I pretty much dismiss all 'the youth today' statements.

I once read an article (it was a paper, so long time ago) about late Roman Empire customs. Young people used to fill the circus for massive, noisy concerts. No electric instruments, so the noise was achieved using lots of percussion. Also long hair and ripped trousers. Nihil novum...


I have difficulty finding bars where you can sit and talk; many of them have obnoxious top 40 playing loudly on the speakers. Had this problem yesterday when attending a tech meetup and the jukebox in the main room was overpowering the speakers.
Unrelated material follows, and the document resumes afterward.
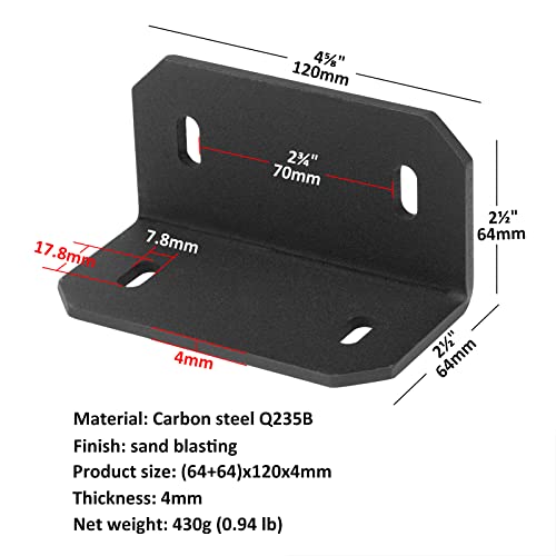 4 supporti angolari neri a L, (64 + 64) x 120 mm, 4 mm di spessore 90 gradi, barra angolare regolabile a forma di L con fessura

I'd add Siegfried Kracauer to the discussion, a German journalist, sociologist and film theorist who wrote most of his essays during the Weimar Republic (many of them included in the "The Mass Ornament" (http://www.hup.harvard.edu/catalog.php?isbn=9780674551633) volume). Unfortunately I couldn't quickly find that many English-written articles about his work, the best that I could do was this blog-post about one of his essays called "Boredom" (https://itwascuriosity.wordpress.com/2010/07/23/on-being-bor...) and especially his "Travel and Dance" essay (https://books.google.ro/books?id=yIWJASvV9uwC&pg=PA65&lpg=PA...), which talks critically about the mass-tourism phenomenon that was just about to start and about the dance and jazz music of his era.


Possibly off-topic, but I would have guessed Tarkovsky would be as popular here as any filmmaker, at least because of Solaris and Stalker. Are the nerds of today no longer into such stuff?


I think so: https://hn.algolia.com/?query=Stalker%20tarkovsky&sort=byPop...

Do you also recommend Nostalghia? Found out about it because it is inside Jon Blow's latest game.


Oh yeah I LOVE Nostalghia, if you haven't seen it do so ASAP!

But now we're in film-nerd territory, not nerd-film... :-)


> When I look at my children, I see that they hardly pause anymore. They are always accessible, and almost always busy. The three of them tend to sit in front of a screen — usually alone. I do it sometimes too. Become engulfed in my smartphone, enslaved to my tablet — as a consumer and at times as a producer. I am constantly interrupted on my tablet, interruptions engendered by other interruptions. It is stupid.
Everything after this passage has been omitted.